CIE AS/A Level Chemistry 28.5 Stability constants, $K_{\text {stab }}$ Study Notes- 2025-2027 Syllabus
CIE AS/A Level Chemistry 28.5 Stability constants, $K_{\text {stab }}$ Study Notes – New Syllabus
CIE AS/A Level Chemistry 28.5 Stability constants, $K_{\text {stab }}$ Study Notes at IITian Academy focus on specific topic and type of questions asked in actual exam. Study Notes focus on AS/A Level Chemistry latest syllabus with Candidates should be able to:
define the stability constant, Kstab, of a complex as the equilibrium constant for the formation of the complex ion in a solvent (from its constituent ions or molecules)
write an expression for a Kstab of a complex ([H₂O] should not be included)
use Kstab expressions to perform calculations
describe and explain ligand exchanges in terms of Kstab values and understand that a large Kstab is due to the formation of a stable complex ion
Stability Constant, \( \mathrm{K_{stab}} \)
The stability constant, \( \mathrm{K_{stab}} \), of a complex is the equilibrium constant for the formation of the complex ion in a solvent from its constituent ions or molecules.
General Expression
For the formation of a complex:
\( \mathrm{M^{n+} + xL \rightleftharpoons [ML_x]^{n+}} \)
The stability constant is given by:
\( \mathrm{K_{stab} = \dfrac{[ML_x]^{n+}}{[M^{n+}][L]^x}} \)
A large value of \( \mathrm{K_{stab}} \) indicates that the complex ion is very stable in solution.
Meaning of \( \mathrm{K_{stab}} \)
- Shows the tendency of a metal ion to form a complex
- Allows comparison of stabilities of different complexes
- Larger \( \mathrm{K_{stab}} \) → more stable complex
Example
For the formation of the hexaamminecopper(II) complex:
\( \mathrm{Cu^{2+} + 4NH_3 \rightleftharpoons [Cu(NH_3)_4(H_2O)_2]^{2+}} \)
The stability constant expresses how far this equilibrium lies to the right.
Example
State what is meant by the stability constant of a complex.
▶️ Answer / Explanation
The stability constant is the equilibrium constant for the formation of a complex ion from its constituent ions or molecules in solution.
Example
Explain what information can be obtained from the value of \( \mathrm{K_{stab}} \).
▶️ Answer / Explanation
The value of \( \mathrm{K_{stab}} \) indicates how stable a complex ion is in solution.

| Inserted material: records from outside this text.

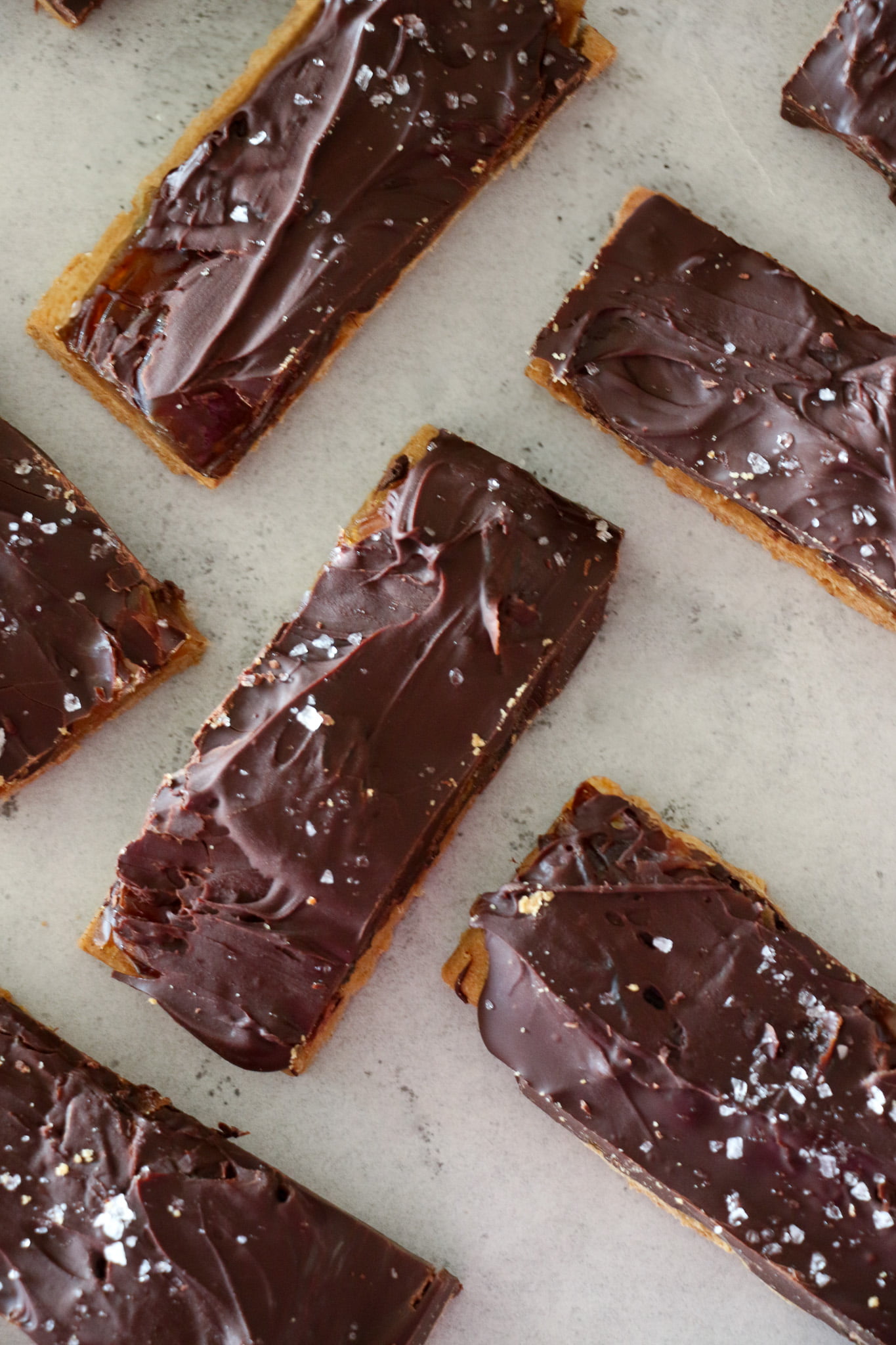 Armed with a plentiful supply of dates from Costco, I decided to try my hand at date bark and since then I’ve made several variations. This recipe is by far my favorite and won the approval of my husband and several dinner party guests. I substituted the peanut butter and peanuts for graham crackers and the result tastes like a Twix Bar without the drippy caramel. The best bit? My take on date bark only requires three ingredients.
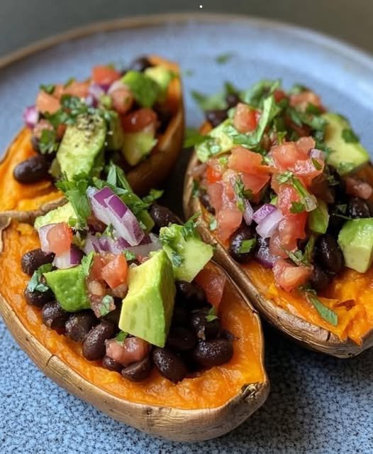 Stuffed Sweet Potatoes with Black Beans & Avocado
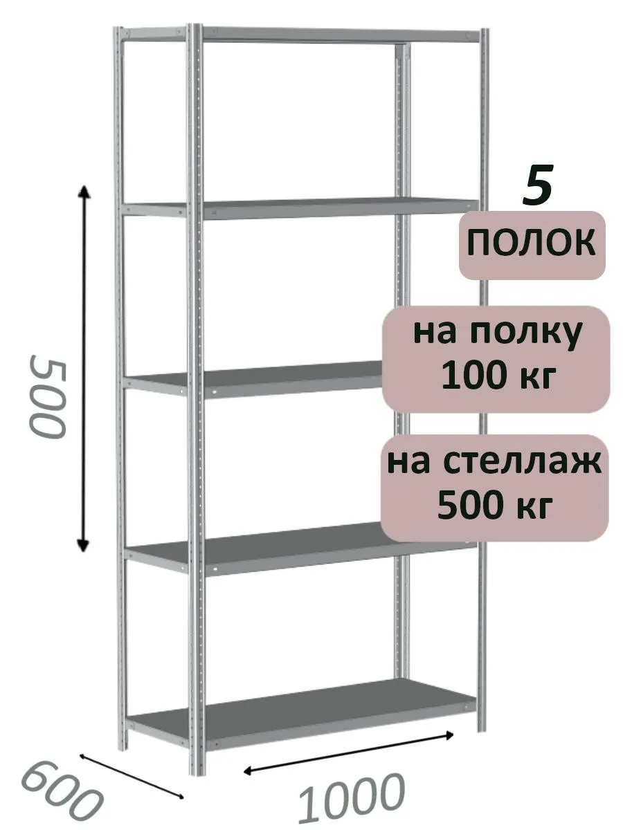 Стеллаж металлический полочный МС-500 500х1000х600, 5 полок, светло-серый

A larger \( \mathrm{K_{stab}} \) means the equilibrium lies further towards complex formation, showing greater stability.
Expression for the Stability Constant, \( \mathrm{K_{stab}} \)

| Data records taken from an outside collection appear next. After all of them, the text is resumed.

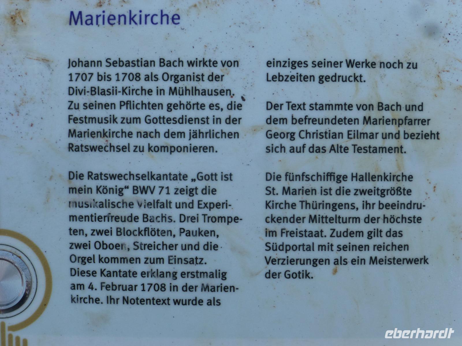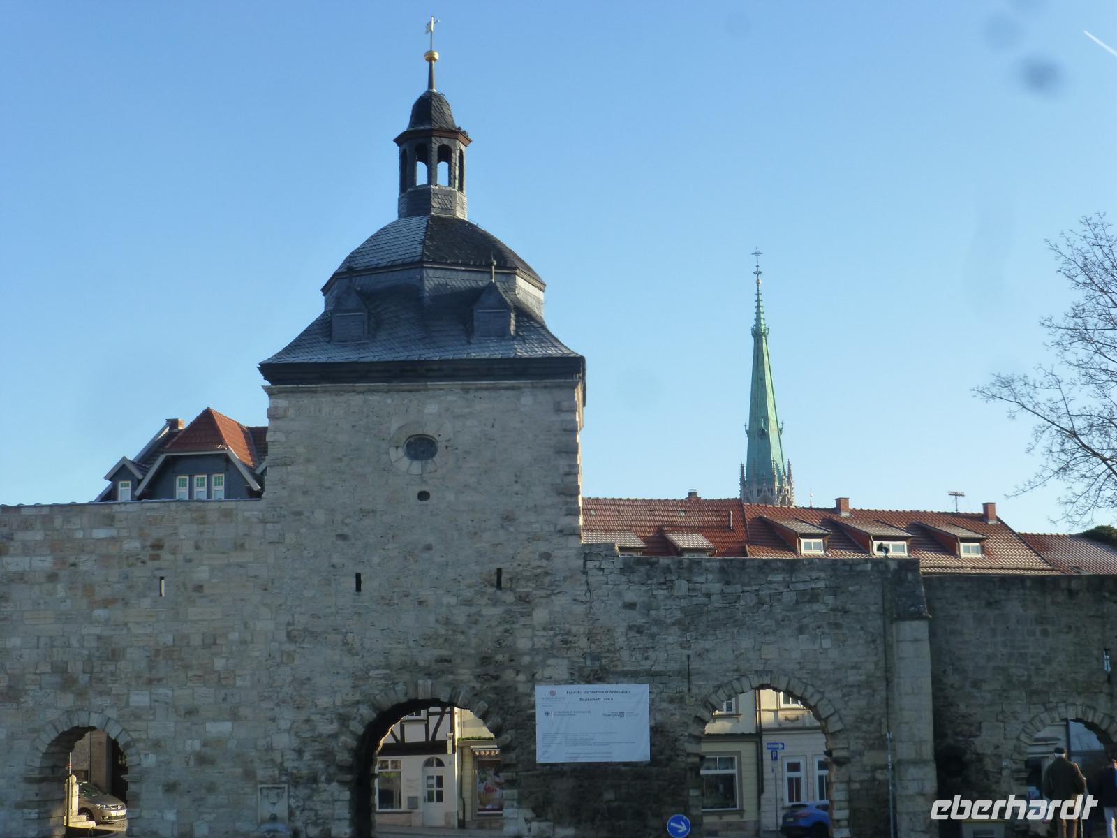 Auf zur Stadtführung nach Mühlhausen. Die Gästeführer erwarteten uns bereits am Inneren Frauentor. Die schöne mittelalterliche Stadt ist noch fast komplett von einer Stadtmauer umgeben. Hinter den Mauern erwartete uns eine sehr schöne Fachwerkstadt und etliche Kirchen. In der Marienkirche hat schon Johann Sebastian Bach auf der Orgel gespielt. Wir spazierten durch die Gassen und Straßen zum mittelalterlichen Rathaus. Im Inneren bestaunten wir den Ratssaal und die schönen Deckengemälde. Im Brauhaus zum Löwen kehrten wir noch einmal ein und ließen unsere Reise Revue passieren.
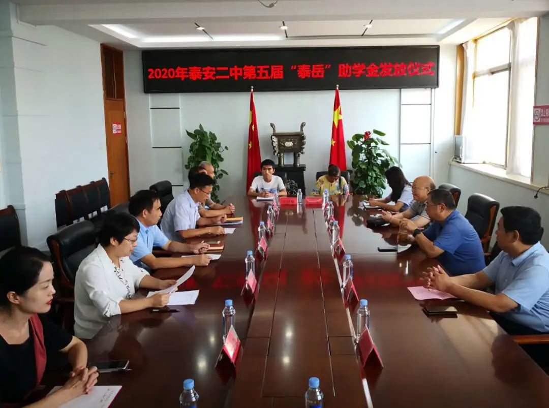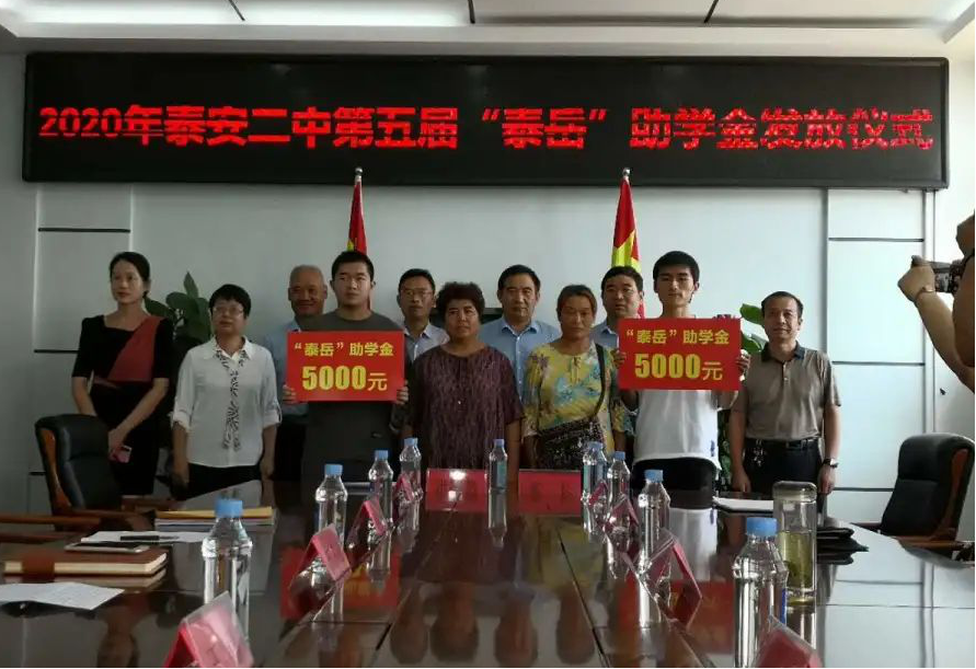 2020年9月4日,泰安二中第五届“泰岳”助学金发放仪式在泰安市第二中学隆重举行。出席本次仪式的有市行业党委委员万惠孜、泰山区人大常委会委员沈志强、武传彬、泰安泰岳联合会计师事务所所长李国以及泰安市第二中学副校长亓子成等。
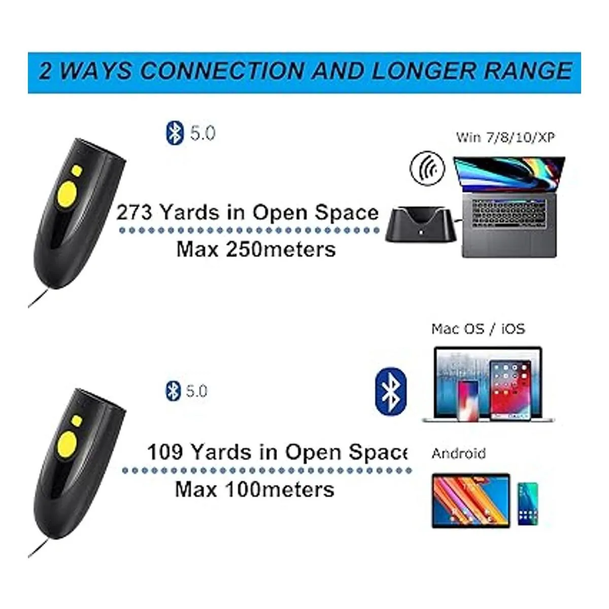 Tecnología inalámbrica Bluetooth 5.0: el escáner se puede conectar con tu portátil, PC, teléfono móvil, tableta, iPhone, iPad, directamente a través de Bluetooth. El rango de transferencia bluetooth de dirección puede hasta 398 pies máximo
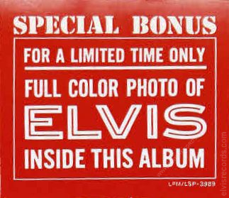Red and white, reads: “Special Bonus, for a limited time only, full color photo of Elvis.”
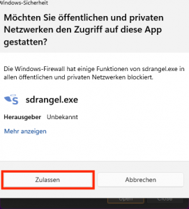 Nun können Sie SDRangel das erste Mal starten. Je nach den Sicherheitseinstellungen Ihres PC’s kann es möglich sein, das ein Warnhinweis angezeigt wird. Diesen Prüfen Sie bitte und wenn es passt, lassen Sie den Start von sdrangel zu.
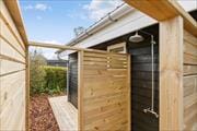 Når solen står højt, lokker den store træterrasse dig udenfor. Her kan du nyde morgenkaffen, mens lyden af bølgerne i det fjerne blander sig med fuglekvidder. Terrassen er perfekt placeret for sol hele dagen, og når aftenduggen falder, kan I trække under overdækningen og tænde lanternerne, mens dagens ferieminder deles over en god middag. Børnene kan boltre sig på den fine, plane græsplæne, hvor der er rig mulighed for leg og sjove konkurrencer. Og skulle I komme hjem fra stranden med sand mellem tæerne – og det er der store chancer for med blot 500 meter til fantastisk badestrand, så er udebruseren en skøn luksus – perfekt til et forfriskende morgenbad eller en hurtig skylning efter dagens strandtur.
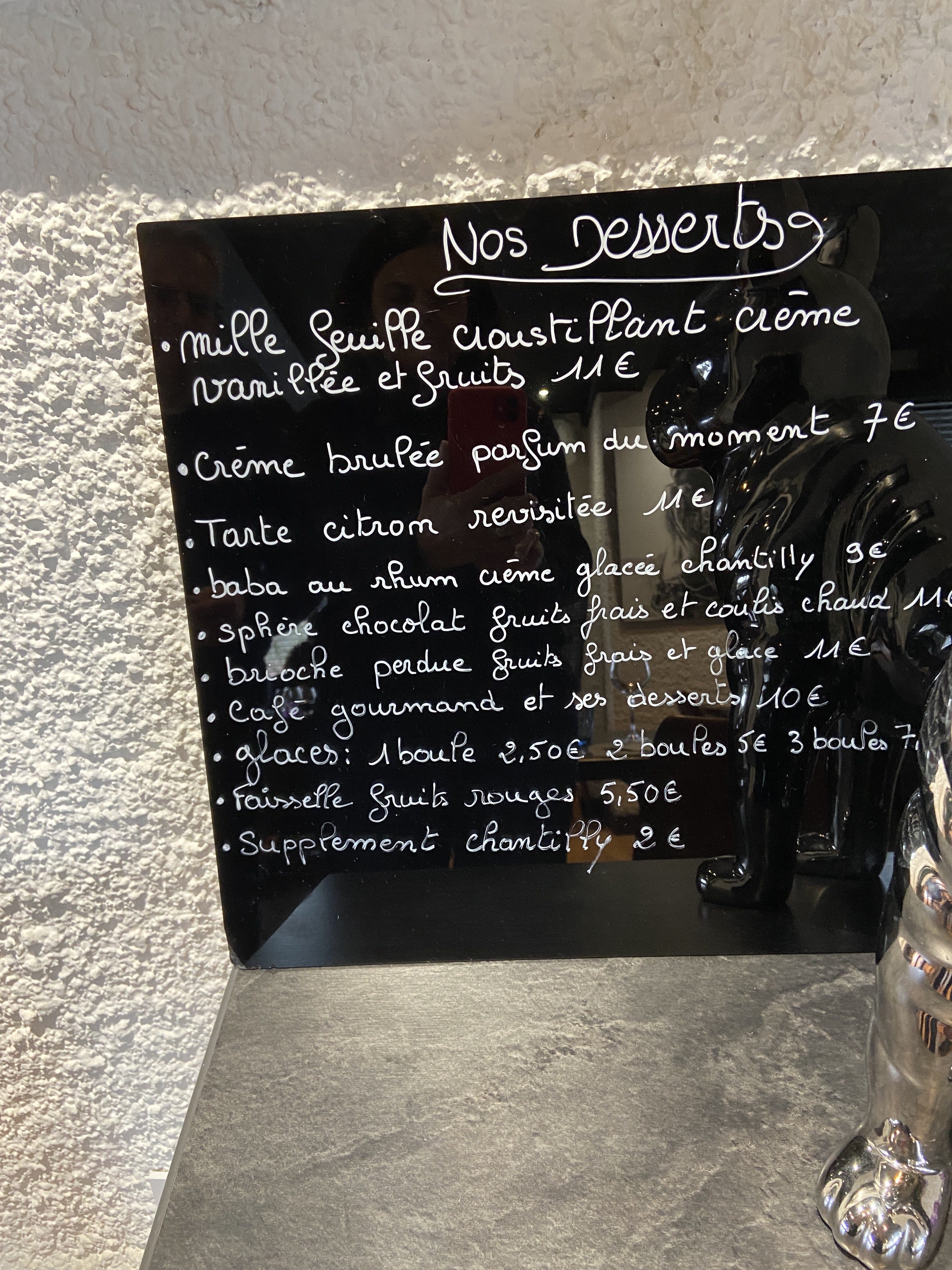 Très déçu cette fois ci , plus de menus mais tout à la carte ,1) croûte aux champignons au vin jaune , aucun goût de vin jaune , et en guise de croûte , un petit feuilleté , 2)travers de porc avec énormément de gras , qui ne ressemblait absolument pas à du travers 3) erreur sur le parfum des glaces

- The stability constant, \( \mathrm{K_{stab}} \), is written for the equilibrium in which a complex ion forms from a metal ion and its ligands in solution.
- Water molecules are not included in the expression because water is the solvent.

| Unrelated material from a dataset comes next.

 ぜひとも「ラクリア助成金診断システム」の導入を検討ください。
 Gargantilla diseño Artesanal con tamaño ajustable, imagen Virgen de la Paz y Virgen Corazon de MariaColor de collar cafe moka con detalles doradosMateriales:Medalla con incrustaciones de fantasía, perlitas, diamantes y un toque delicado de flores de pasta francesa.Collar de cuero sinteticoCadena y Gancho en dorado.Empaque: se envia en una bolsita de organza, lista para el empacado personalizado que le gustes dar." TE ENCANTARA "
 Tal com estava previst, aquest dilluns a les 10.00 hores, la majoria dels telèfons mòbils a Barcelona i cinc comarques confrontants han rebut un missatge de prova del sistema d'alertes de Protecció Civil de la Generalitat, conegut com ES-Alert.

General Formation Equation
\( \mathrm{M^{n+} + xL \rightleftharpoons [ML_x]^{n+}} \)
Stability Constant Expression
\( \mathrm{K_{stab} = \dfrac{[ML_x]^{n+}}{[M^{n+}][L]^x}} \)
Worked Examples
1. For the complex \( \mathrm{[Cu(NH_3)_4]^{2+}} \):
\( \mathrm{Cu^{2+} + 4NH_3 \rightleftharpoons [Cu(NH_3)_4]^{2+}} \)
\( \mathrm{K_{stab} = \dfrac{[\,[Cu(NH_3)_4]^{2+}\,]}{[Cu^{2+}][NH_3]^4}} \)
2. For the complex \( \mathrm{[CoCl_4]^{2-}} \):
\( \mathrm{Co^{2+} + 4Cl^- \rightleftharpoons [CoCl_4]^{2-}} \)
\( \mathrm{K_{stab} = \dfrac{[\,[CoCl_4]^{2-}\,]}{[Co^{2+}][Cl^-]^4}} \)
Example
Write an expression for \( \mathrm{K_{stab}} \) for the formation of \( \mathrm{[Ag(NH_3)_2]^+} \).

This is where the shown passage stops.